If `(1+3p)/(4),(1-p)/(3),(1-3p)/(2)` are the probabilities of three mutually exclusive events, then the set of all values of p is

To solve the problem, we need to find the set of all values of \( p \) such that the given expressions represent valid probabilities for three mutually exclusive events.

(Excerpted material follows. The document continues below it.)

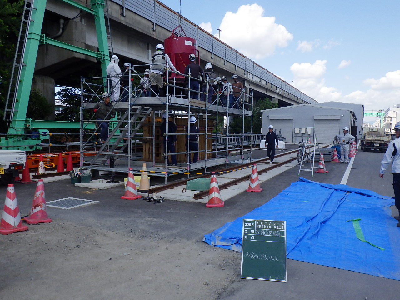 製作場内で、長さの短い試験桁を製作し、コンクリートの充填確認、
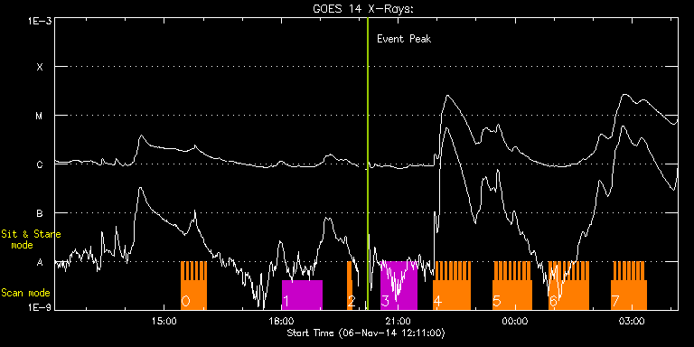 EIS Observation timeline overlay to GOES-Xray curve Code 1" 2" 40" 266" EIS Observations list for this event: STUDY ACRONYM ID DATE OBSERVED DESCRIPTION NOAA# TARGET 0 HH_Flare_raster_v6 | 43672 | 2014/11/06 15:26:27 | Flare study | 2205 | Flare TIMELINE ID DATE OBSERVED FITS FILE XCEN (+W/-E) YCEN (+N/-S) DUR ----------------------------------------------------------------------------------------------------------------- 43672 | 2014/11/06 15:26:27.000 | eis_l0_20141106_152627.fits.gz | -742.97 | 220.51 | 3m32s 43672 | 2014/11/06 15:30:02.000 | eis_l0_20141106_153002.fits.gz | -742.58 | 220.59 | 3m31s 43672 | 2014/11/06 15:33:36.000 | eis_l0_20141106_153336.fits.gz | -742.27 | 220.51 | 3m31s 43672 | 2014/11/06 15:37:10.000 | eis_l0_20141106_153710.fits.gz | -741.89 | 220.51 | 3m31s 43672 | 2014/11/06 15:40:44.000 | eis_l0_20141106_154044.fits.gz | -741.58 | 220.59 | 3m32s 43672 | 2014/11/06 15:44:18.000 | eis_l0_20141106_154418.fits.gz | -741.27 | 220.51 | 3m32s 43672 | 2014/11/06 15:47:53.000 | eis_l0_20141106_154753.fits.gz | -740.88 | 220.36 | 3m31s 43672 | 2014/11/06 15:51:27.000 | eis_l0_20141106_155127.fits.gz | -740.57 | 220.44 | 3m31s 43672 | 2014/11/06 15:55:01.000 | eis_l0_20141106_155501.fits.gz | -740.26 | 220.36 | 3m32s 43672 | 2014/11/06 15:58:35.000 | eis_l0_20141106_155835.fits.gz | -739.88 | 220.36 | 3m32s 43672 | 2014/11/06 16:02:10.000 | eis_l0_20141106_160210.fits.gz | -739.57 | 220.36 | 3m10s 1 HPW021_VEL_120x512v1 | 43667 | 2014/11/06 18:01:28 | HOP170 | | Active Region TIMELINE ID DATE OBSERVED FITS FILE XCEN (+W/-E) YCEN (+N/-S) DUR ----------------------------------------------------------------------------------------------------------------- 43667 | 2014/11/06 18:01:28.000 | eis_l0_20141106_180128.fits.gz | -605.83 | 124.74 | 1h1m53s 2 IUU_SCAN_STEPS_002 | 43689 | 2014/11/06 19:42:07 | HOP170 | | Active Region TIMELINE ID DATE OBSERVED FITS FILE XCEN (+W/-E) YCEN (+N/-S) DUR ----------------------------------------------------------------------------------------------------------------- 43689 | 2014/11/06 19:42:07.000 | eis_l0_20141106_194207.fits.gz | -707.08 | 253.97 | 5m23s 43689 | 2014/11/06 19:47:34.000 | eis_l0_20141106_194734.fits.gz | -706.53 | 253.81 | 1m47s 3 HPW021_VEL_120x512v1 | 43690 | 2014/11/06 20:33:40 | HOP170 | | Active Region TIMELINE ID DATE OBSERVED FITS FILE XCEN (+W/-E) YCEN (+N/-S) DUR ----------------------------------------------------------------------------------------------------------------- 43690 | 2014/11/06 20:33:40.000 | eis_l0_20141106_203340.fits.gz | -700.91 | 253.58 | 54m39s 4 HH_Flare_raster_v6 | 43673 | 2014/11/06 21:53:57 | Flare study | | Flare TIMELINE ID DATE OBSERVED FITS FILE XCEN (+W/-E) YCEN (+N/-S) DUR ----------------------------------------------------------------------------------------------------------------- 43673 | 2014/11/06 21:53:57.000 | eis_l0_20141106_215357.fits.gz | -705.42 | 217.89 | 3m31s 43673 | 2014/11/06 21:57:31.000 | eis_l0_20141106_215731.fits.gz | -705.12 | 217.96 | 3m32s 43673 | 2014/11/06 22:01:06.000 | eis_l0_20141106_220106.fits.gz | -704.73 | 217.96 | 3m31s 43673 | 2014/11/06 22:04:40.000 | eis_l0_20141106_220440.fits.gz | -704.34 | 217.96 | 3m32s 43673 | 2014/11/06 22:08:15.000 | eis_l0_20141106_220815.fits.gz | -704.11 | 218.04 | 3m31s 43673 | 2014/11/06 22:11:48.000 | eis_l0_20141106_221148.fits.gz | -703.65 | 218.04 | 3m32s 43673 | 2014/11/06 22:15:23.000 | eis_l0_20141106_221523.fits.gz | -703.26 | 217.89 | 3m31s 43673 | 2014/11/06 22:18:57.000 | eis_l0_20141106_221857.fits.gz | -702.88 | 217.96 | 3m32s 43673 | 2014/11/06 22:22:32.000 | eis_l0_20141106_222232.fits.gz | -702.57 | 217.96 | 3m31s 43673 | 2014/11/06 22:26:06.000 | eis_l0_20141106_222606.fits.gz | -702.26 | 217.66 | 3m31s 43673 | 2014/11/06 22:29:40.000 | eis_l0_20141106_222940.fits.gz | -701.95 | 217.89 | 3m31s 43673 | 2014/11/06 22:33:14.000 | eis_l0_20141106_223314.fits.gz | -701.49 | 217.89 | 3m32s 43673 | 2014/11/06 22:36:49.000 | eis_l0_20141106_223649.fits.gz | -701.10 | 217.81 | 3m31s 43673 | 2014/11/06 22:40:23.000 | eis_l0_20141106_224023.fits.gz | -700.79 | 217.73 | 3m32s 43673 | 2014/11/06 22:43:58.000 | eis_l0_20141106_224358.fits.gz | -700.40 | 217.73 | 3m31s 43673 | 2014/11/06 22:47:32.000 | eis_l0_20141106_224732.fits.gz | -700.02 | 217.58 | 3m31s 5 HH_Flare_raster_v6 | 43678 | 2014/11/06 23:25:13 | Flare study | | Flare TIMELINE ID DATE OBSERVED FITS FILE XCEN (+W/-E) YCEN (+N/-S) DUR ----------------------------------------------------------------------------------------------------------------- 43678 | 2014/11/06 23:25:13.000 | eis_l0_20141106_232513.fits.gz | -696.23 | 217.50 | 3m32s 43678 | 2014/11/06 23:28:48.000 | eis_l0_20141106_232848.fits.gz | -695.85 | 217.50 | 3m32s 43678 | 2014/11/06 23:32:22.000 | eis_l0_20141106_233222.fits.gz | -695.46 | 217.58 | 3m31s 43678 | 2014/11/06 23:35:56.000 | eis_l0_20141106_233556.fits.gz | -695.15 | 217.42 | 3m31s 43678 | 2014/11/06 23:39:30.000 | eis_l0_20141106_233930.fits.gz | -694.84 | 217.42 | 3m32s 43678 | 2014/11/06 23:43:04.000 | eis_l0_20141106_234304.fits.gz | -694.46 | 217.35 | 3m32s 43678 | 2014/11/06 23:46:39.000 | eis_l0_20141106_234639.fits.gz | -694.07 | 217.27 | 3m32s 43678 | 2014/11/06 23:50:13.000 | eis_l0_20141106_235013.fits.gz | -693.76 | 217.42 | 3m32s 43678 | 2014/11/06 23:53:47.000 | eis_l0_20141106_235347.fits.gz | -693.30 | 217.27 | 3m32s 43678 | 2014/11/06 23:57:22.000 | eis_l0_20141106_235722.fits.gz | -692.91 | 217.27 | 3m31s 43678 | 2014/11/07 00:00:56.000 | eis_l0_20141107_000056.fits.gz | -692.60 | 217.27 | 3m31s 43678 | 2014/11/07 00:04:30.000 | eis_l0_20141107_000430.fits.gz | -692.22 | 217.35 | 3m32s 43678 | 2014/11/07 00:08:04.000 | eis_l0_20141107_000804.fits.gz | -691.83 | 217.27 | 3m32s 43678 | 2014/11/07 00:11:39.000 | eis_l0_20141107_001139.fits.gz | -691.52 | 217.42 | 3m32s 43678 | 2014/11/07 00:15:13.000 | eis_l0_20141107_001513.fits.gz | -691.13 | 217.19 | 3m32s 43678 | 2014/11/07 00:18:48.000 | eis_l0_20141107_0

The probabilities given are: 1. \( P_1 = \frac{1 + 3p}{4} \) 2. \( P_2 = \frac{1 - p}{3} \) 3. \( P_3 = \frac{1 - 3p}{2} \) ### Step 1: Establish the conditions for probabilities Since these are probabilities, they must satisfy the conditions: \[ 0 \leq P_1 \leq 1 \] \[ 0 \leq P_2 \leq 1 \] \[ 0 \leq P_3 \leq 1 \] ### Step 2: Solve the inequalities for \( P_1 \) For \( P_1 \): \[ 0 \leq \frac{1 + 3p}{4} \leq 1 \] **Lower Bound:** \[ 1 + 3p \geq 0 \implies 3p \geq -1 \implies p \geq -\frac{1}{3} \] **Upper Bound:** \[ 1 + 3p \leq 4 \implies 3p \leq 3 \implies p \leq 1 \] Thus, from \( P_1 \), we have: \[ -\frac{1}{3} \leq p \leq 1 \] ### Step 3: Solve the inequalities for \( P_2 \) For \( P_2 \): \[ 0 \leq \frac{1 - p}{3} \leq 1 \] **Lower Bound:** \[ 1 - p \geq 0 \implies p \leq 1 \] **Upper Bound:** \[ 1 - p \leq 3 \implies -p \leq 2 \implies p \geq -2 \] Thus, from \( P_2 \), we have: \[ -2 \leq p \leq 1 \] ### Step 4: Solve the inequalities for \( P_3 \) For \( P_3 \): \[ 0 \leq \frac{1 - 3p}{2} \leq 1 \] **Lower Bound:** \[ 1 - 3p \geq 0 \implies 3p \leq 1 \implies p \leq \frac{1}{3} \] **Upper Bound:** \[ 1 - 3p \leq 2 \implies -3p \leq 1 \implies p \geq -\frac{1}{3} \] Thus, from \( P_3 \), we have: \[ -\frac{1}{3} \leq p \leq \frac{1}{3} \] ### Step 5: Combine the results Now we combine the results from all three inequalities: 1. From \( P_1 \): \( -\frac{1}{3} \leq p \leq 1 \) 2. From \( P_2 \): \( -2 \leq p \leq 1 \) 3. From \( P_3 \): \( -\frac{1}{3} \leq p \leq \frac{1}{3} \) The intersection of these intervals gives us: \[ -\frac{1}{3} \leq p \leq \frac{1}{3} \] ### Conclusion Thus, the set of all values of \( p \) such that the given expressions are valid probabilities is: \[ \boxed{[-\frac{1}{3}, \frac{1}{3}]} \]